# Cowan Lake



## ohioiceman (Jul 19, 2004)

Just got back from 2 days of island fishing on this lake.Chilly,soggy and foggy.Too much time in neoprene  Good carp lake.


----------



## crappielooker (Apr 5, 2004)

how many did u landed maaan??? when are u goin back there again??


----------



## ohioiceman (Jul 19, 2004)

3 for me,5 for Brice,should have been six but i was laughing too hard to net one for him.


----------



## TimJC (Apr 6, 2004)

Did you get any pics?


----------



## cwcarper (Apr 5, 2004)

I've always liked Cowan, and usually fish it a few times a year. Just haven't been able to get a carp out of there  . Maybe I fish the wrong places or something.


----------



## ohioiceman (Jul 19, 2004)

No pics,we could not break 15# so we didn't deserve pics.Heck my biggest was 9#.Brice had a 13#6 I tried to convince him to let me get a shot but he wants the same rules as me.


----------



## ohioiceman (Jul 19, 2004)

Does the end where the river comes in get lilly pads in the summer? We paddled up there and I was using the paddle and pulling up what looked like lilly roots,like the ones in east Harbor.


----------



## cwcarper (Apr 5, 2004)

Lots and lots of lilly pads...covering a large portion of that end of the lake. Mostly on the far side, though (away from the bank access, except for the Dalton Road area).


----------



## cwcarper (Apr 5, 2004)

Here are a couple pics of the pads from last summer.
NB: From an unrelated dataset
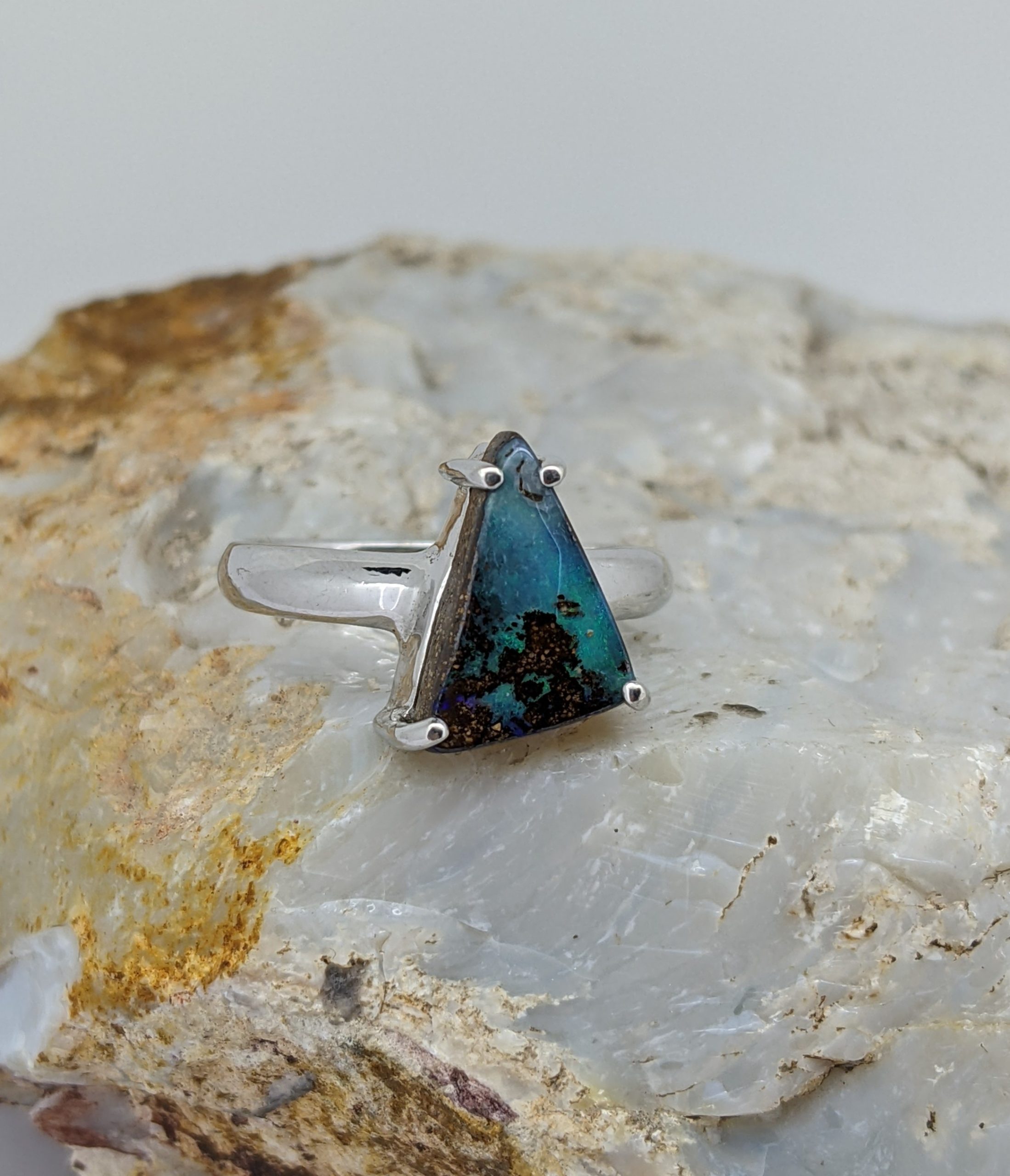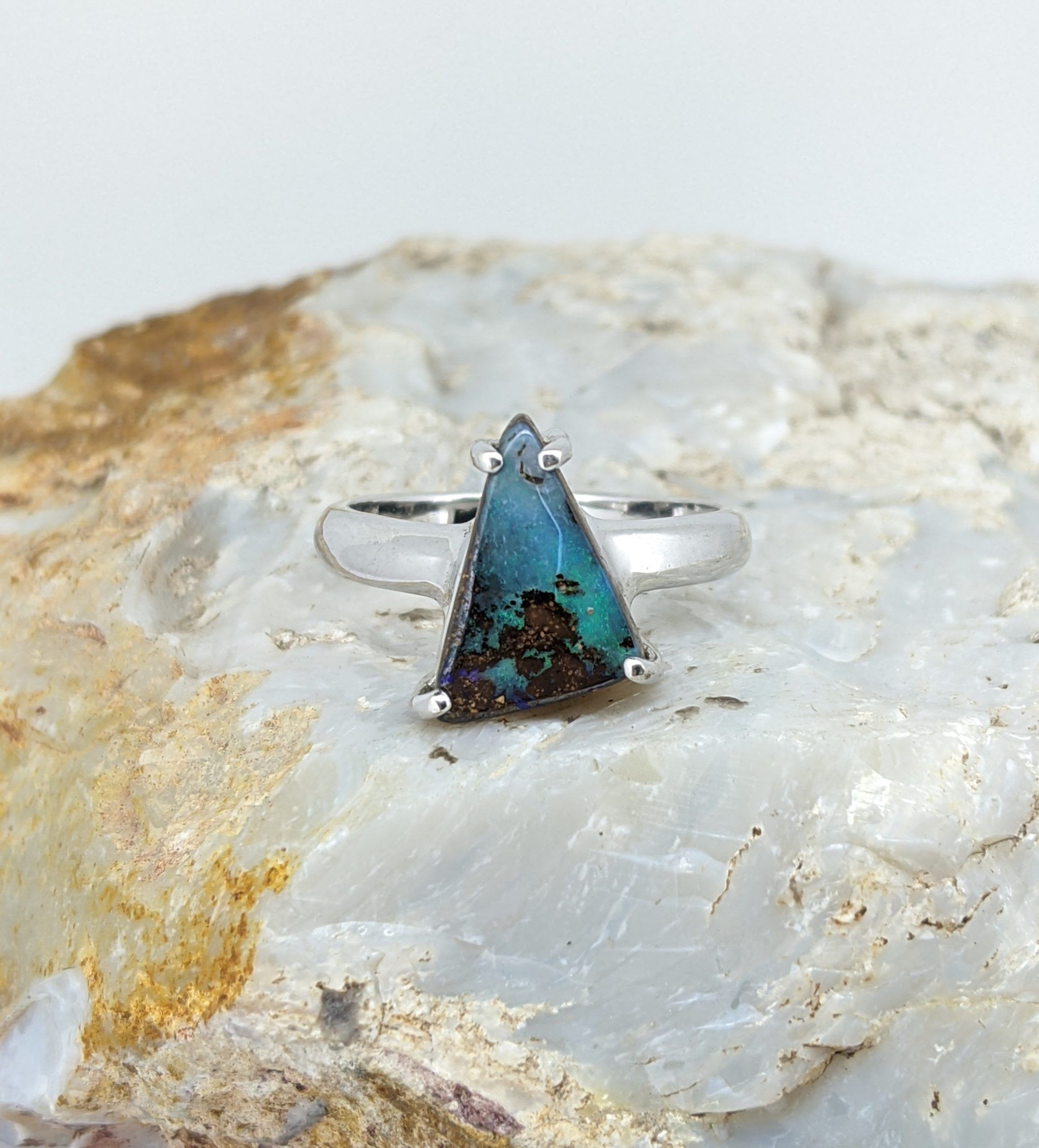 Solid natural boulder opal from Winton, Queensland. This solid boulder opal ring is crafted in Sterling Silver. The opal has a constant display of the colours green and blue.
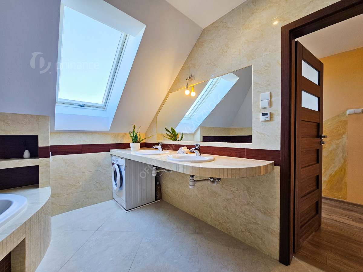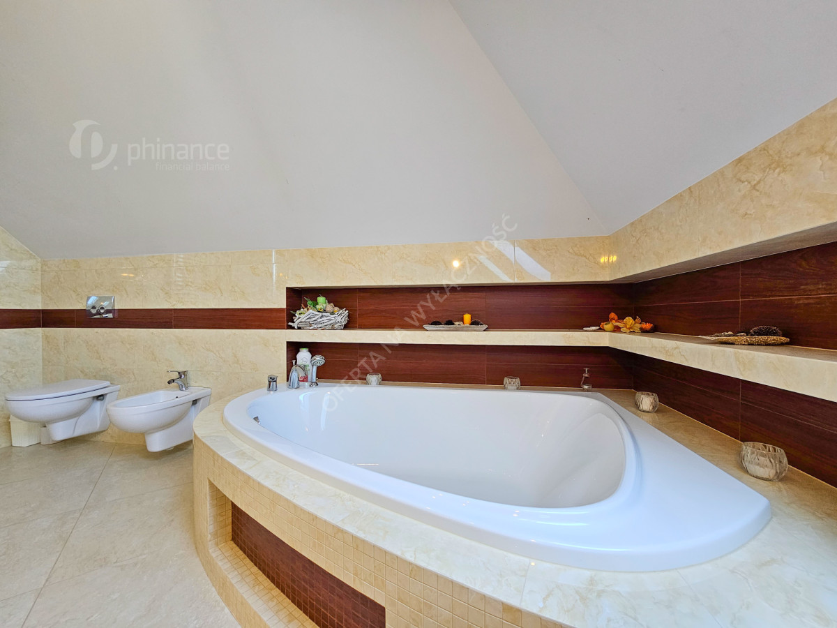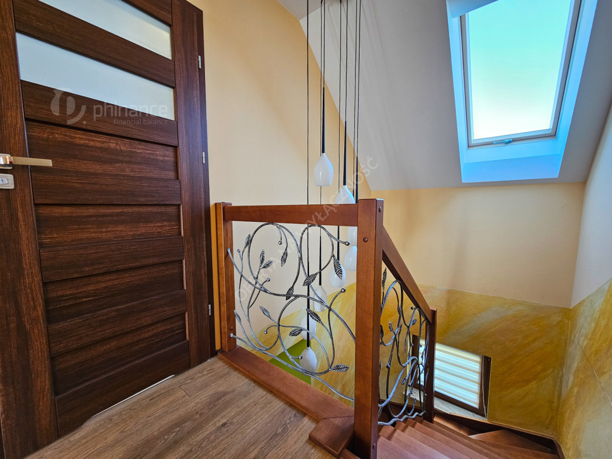 Dom wykończony został z użyciem materiałów najwyższej jakości, co podkreśla jego elegancję oraz trwałość na lata. Dodatkowym atutem jest piękny, zadbany ogród z licznymi nasadzeniami, który stanowi prawdziwą oazę spokoju i relaksu po dniu pracy.

These were taken standing on the rock pier that juts out into the lake upstream from the island. I know of a few 30's caught out of that lake, as well as many mid to upper 20's. It's a very nice lake to fish if I could just get into some fish.


----------



## crappielooker (Apr 5, 2004)

cw..imagine this.. you holding the rod while i row my boat out there along with yours(and mine) hookbaits and chum.. dump it out on the edge of those pads.. row back and wait.. heh heh... maaan.. i need to get out..


----------



## ohioiceman (Jul 19, 2004)

Man I almost passed out when i saw those pics,I love the edges of pads   Let me know when you can get out,plenty of room in the carp canoe for ya  


Ak,I will be back down in March but not sure which weekend,I'll let ya know and we will unleash the chum and get ya on some fish. Man this lake screams big fish,weeds,deep water,gravel points and islands.


----------



## crappielooker (Apr 5, 2004)

maan..iceman.. that sounds awesome maaan..i'm lookin forward to some hauling..


----------